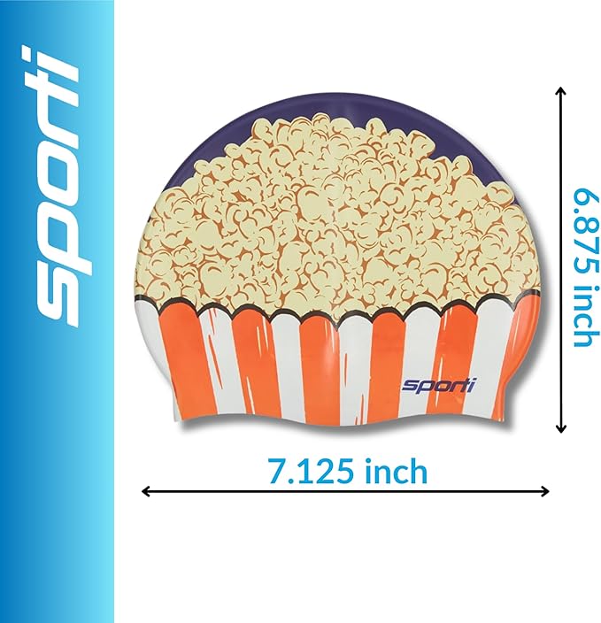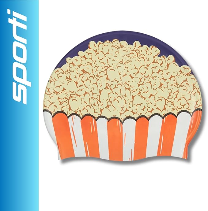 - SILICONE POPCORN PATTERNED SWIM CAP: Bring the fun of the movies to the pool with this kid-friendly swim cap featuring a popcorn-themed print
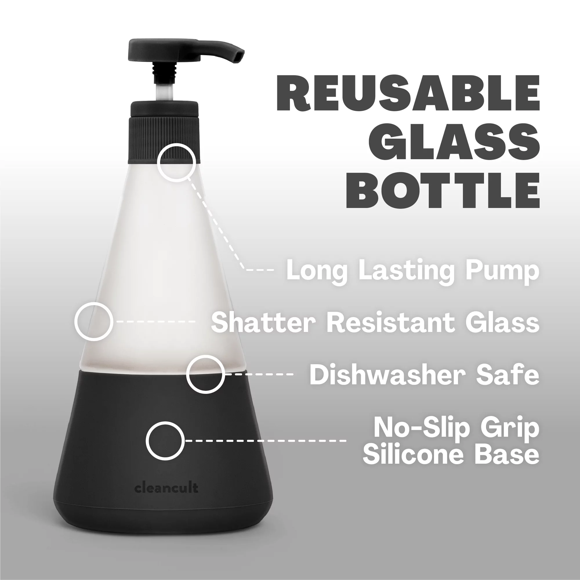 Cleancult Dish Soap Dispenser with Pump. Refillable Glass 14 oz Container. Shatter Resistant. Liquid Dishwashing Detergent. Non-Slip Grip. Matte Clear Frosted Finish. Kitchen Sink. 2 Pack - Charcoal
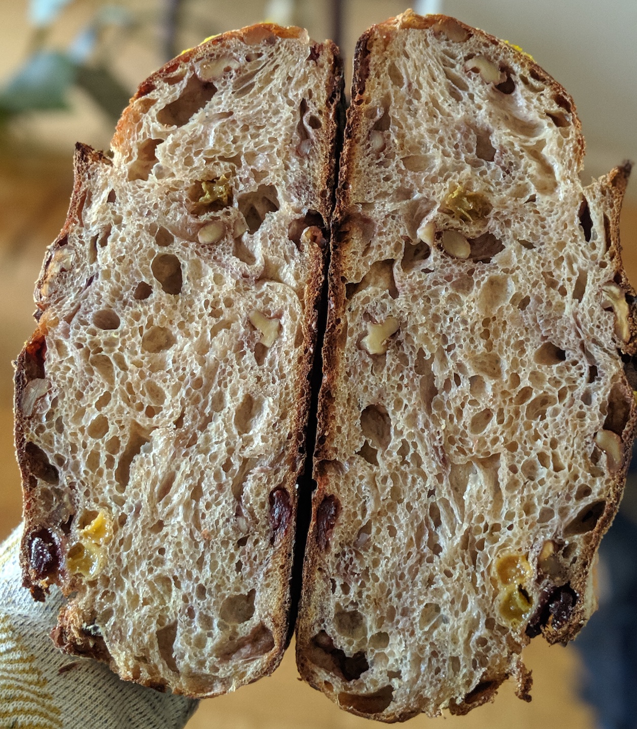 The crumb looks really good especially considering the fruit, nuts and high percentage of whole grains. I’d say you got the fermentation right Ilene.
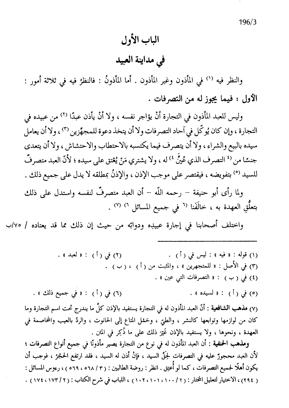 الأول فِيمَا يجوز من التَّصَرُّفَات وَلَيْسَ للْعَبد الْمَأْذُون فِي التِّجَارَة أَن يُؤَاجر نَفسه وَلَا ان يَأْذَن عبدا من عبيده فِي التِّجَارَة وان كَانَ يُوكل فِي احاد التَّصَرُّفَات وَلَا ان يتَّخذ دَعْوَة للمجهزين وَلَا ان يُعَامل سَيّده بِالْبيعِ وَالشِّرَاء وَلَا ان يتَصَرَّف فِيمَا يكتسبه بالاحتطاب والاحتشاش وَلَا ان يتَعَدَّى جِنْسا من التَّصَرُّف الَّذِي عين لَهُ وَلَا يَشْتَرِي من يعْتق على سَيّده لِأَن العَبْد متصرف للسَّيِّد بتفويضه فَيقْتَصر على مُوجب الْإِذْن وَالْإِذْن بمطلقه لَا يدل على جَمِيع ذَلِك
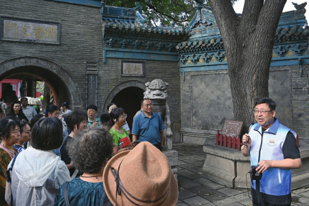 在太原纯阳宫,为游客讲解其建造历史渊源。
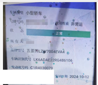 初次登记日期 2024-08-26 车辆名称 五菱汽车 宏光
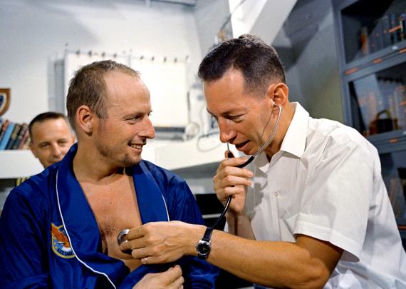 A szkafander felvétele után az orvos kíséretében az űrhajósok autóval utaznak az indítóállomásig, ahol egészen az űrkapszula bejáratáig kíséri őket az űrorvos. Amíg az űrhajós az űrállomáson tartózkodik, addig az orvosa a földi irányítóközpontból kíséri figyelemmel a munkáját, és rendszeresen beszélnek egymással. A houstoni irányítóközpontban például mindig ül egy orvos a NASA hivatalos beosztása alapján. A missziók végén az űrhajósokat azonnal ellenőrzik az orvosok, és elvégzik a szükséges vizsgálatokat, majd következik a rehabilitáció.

What the task requires:
Transcribe the records above exactly, leaving every picture out of the copy.

Response:
 - SILICONE POPCORN PATTERNED SWIM CAP: Bring the fun of the movies to the pool with this kid-friendly swim cap featuring a popcorn-themed print
 Cleancult Dish Soap Dispenser with Pump. Refillable Glass 14 oz Container. Shatter Resistant. Liquid Dishwashing Detergent. Non-Slip Grip. Matte Clear Frosted Finish. Kitchen Sink. 2 Pack - Charcoal
 The crumb looks really good especially considering the fruit, nuts and high percentage of whole grains. I’d say you got the fermentation right Ilene.
 الأول فِيمَا يجوز من التَّصَرُّفَات وَلَيْسَ للْعَبد الْمَأْذُون فِي التِّجَارَة أَن يُؤَاجر نَفسه وَلَا ان يَأْذَن عبدا من عبيده فِي التِّجَارَة وان كَانَ يُوكل فِي احاد التَّصَرُّفَات وَلَا ان يتَّخذ دَعْوَة للمجهزين وَلَا ان يُعَامل سَيّده بِالْبيعِ وَالشِّرَاء وَلَا ان يتَصَرَّف فِيمَا يكتسبه بالاحتطاب والاحتشاش وَلَا ان يتَعَدَّى جِنْسا من التَّصَرُّف الَّذِي عين لَهُ وَلَا يَشْتَرِي من يعْتق على سَيّده لِأَن العَبْد متصرف للسَّيِّد بتفويضه فَيقْتَصر على مُوجب الْإِذْن وَالْإِذْن بمطلقه لَا يدل على جَمِيع ذَلِك
 在太原纯阳宫,为游客讲解其建造历史渊源。
 初次登记日期 2024-08-26 车辆名称 五菱汽车 宏光
 A szkafander felvétele után az orvos kíséretében az űrhajósok autóval utaznak az indítóállomásig, ahol egészen az űrkapszula bejáratáig kíséri őket az űrorvos. Amíg az űrhajós az űrállomáson tartózkodik, addig az orvosa a földi irányítóközpontból kíséri figyelemmel a munkáját, és rendszeresen beszélnek egymással. A houstoni irányítóközpontban például mindig ül egy orvos a NASA hivatalos beosztása alapján. A missziók végén az űrhajósokat azonnal ellenőrzik az orvosok, és elvégzik a szükséges vizsgálatokat, majd következik a rehabilitáció.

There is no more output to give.